審訊室的燈光慘白,照在趙建柱略顯浮腫的臉上。
他雙手戴著手銬,放在冰冷的金屬桌麵上,眼神有些渙散,整個人像是被抽走了精氣神。
與照片上那個精明乾練的建築公司老板判若兩人。
陸珩和陳默坐在他對麵。
陸珩的目光如鷹隼般銳利,不動聲色地觀察著趙建柱的每一個細微表情和動作。
陳默則負責記錄,神情嚴肅。
“趙建柱,知道為什麼帶你到這裡來嗎?”陸珩開口,聲音平穩,卻帶著不容置疑的壓迫感。
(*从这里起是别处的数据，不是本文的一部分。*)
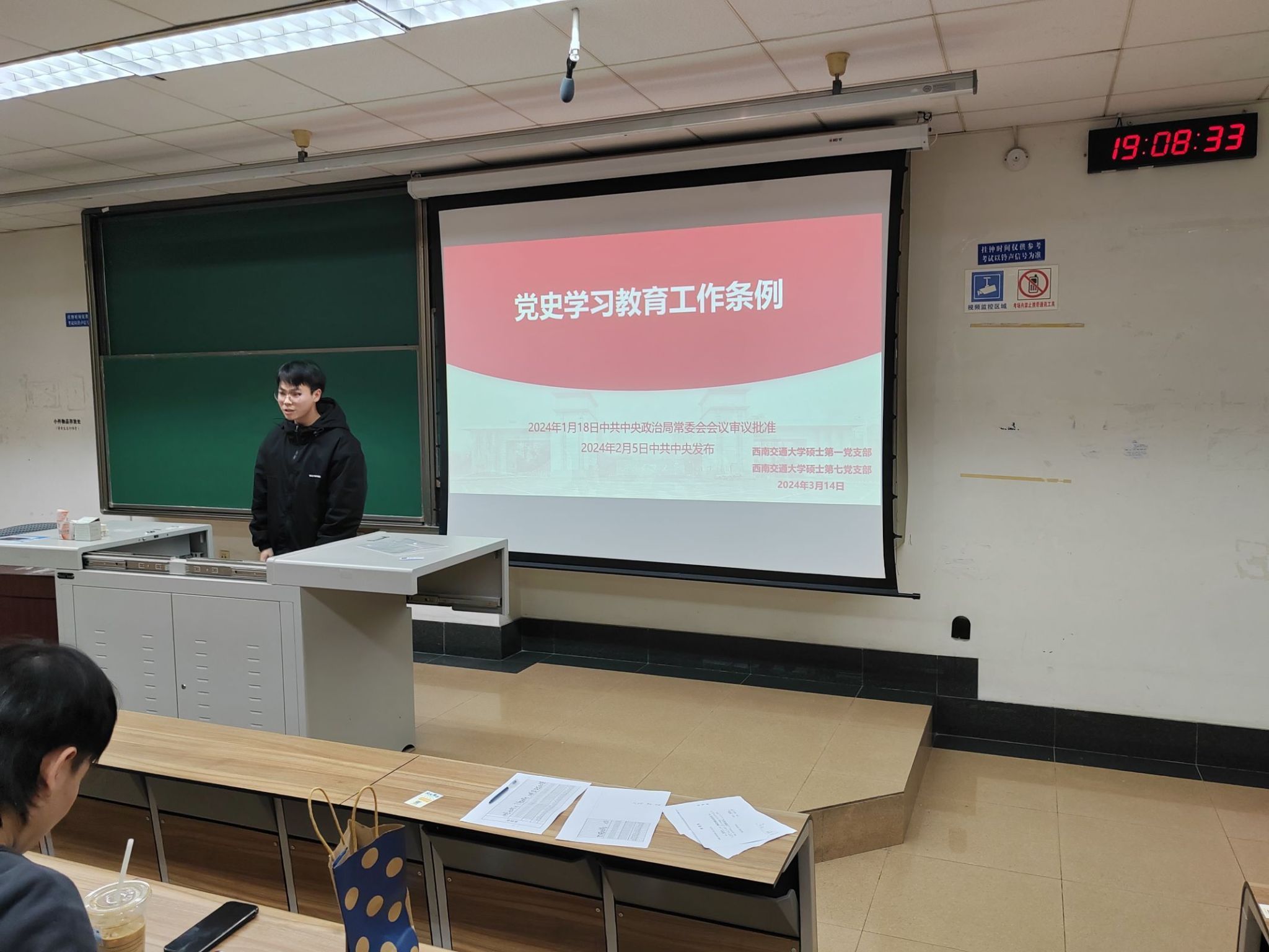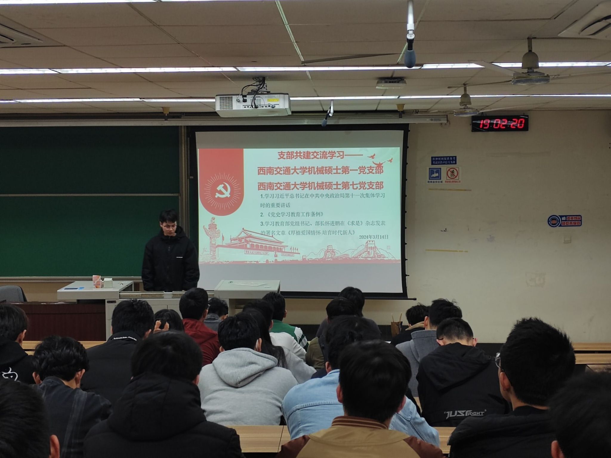 2024年3月14日,环球体育(中国)科技有限公司官网硕士第一党支部与第七党支部在九里校区4号教学楼J4224进行支部共建交流学习。活动内容共三项:第一项:学习习近平总书记在中共中央政治局第十一次集体学习时的重要讲话;第二项:学习《党史学习教育工作条例》;第三项:学习教育部党组书记、部长怀进鹏在《求是》杂志发表的署名文章《厚植爱国情怀 培育时代新人》。本次会议由曾鸿同志主持。
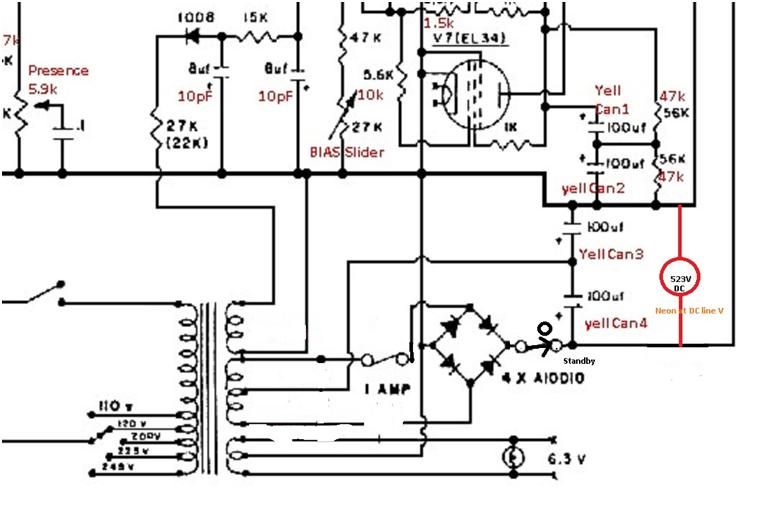 I moved the Standby switch to after the diodes as with the other amps so the caps don't charge until this is on. The original Marshall 6.3V bulb was blown, so I used a 240V neon across the mains primary switch to Ground. There is no hole for a Standby light - which personally, I think all amps should have. Just for interest's sake, I took the Variac opportunity to push these 220V AC neons to their limit - they do stand 525V DC or more across them!
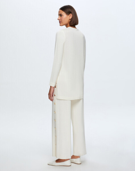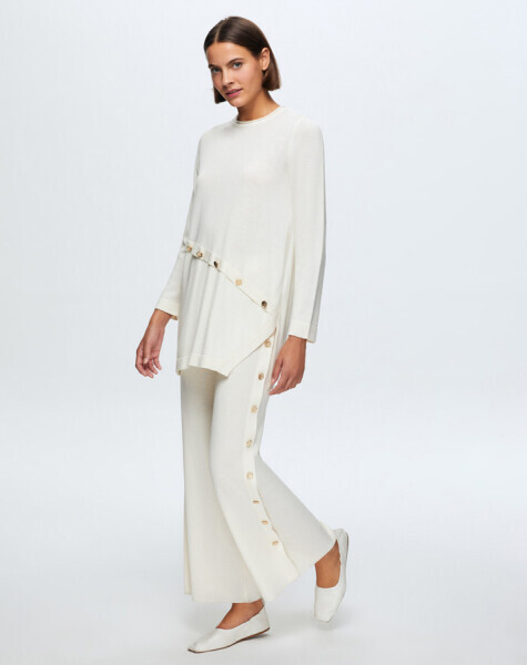 T24K-7003 Düğme Detaylı Bol Paça Pantolon FEDE-ECRU
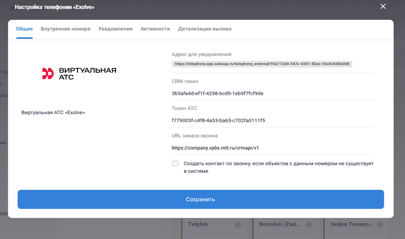 4. В открывшейся форме настройки скопируйте данные в соответствующие поля для АТС.
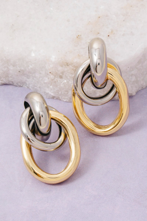 • this pair of columbus jewelry earrings showcases a timeless gold dipped two tone oval hoop door knocker style. Delight in the nuanced details that make this pair of columbus jewelry earrings a testament to fine design and impeccable taste.

趙建柱抬起頭,眼神複雜地看了陸珩一眼,又迅速垂下,嘴唇哆嗦了幾下,最終化為一聲長長的歎息。“……知道。周秉毅……是我殺的。”
他承認得如此乾脆,反而讓陳默記錄的手微微一頓。
“為什麼?”陸珩追問,語氣沒有絲毫波瀾。
“為什麼?”趙建柱像是被這個詞刺痛,猛地抬起頭,眼睛裡瞬間布滿了血絲和壓抑多年的恨意,“因為他該死!他就是個披著人皮的畜生!”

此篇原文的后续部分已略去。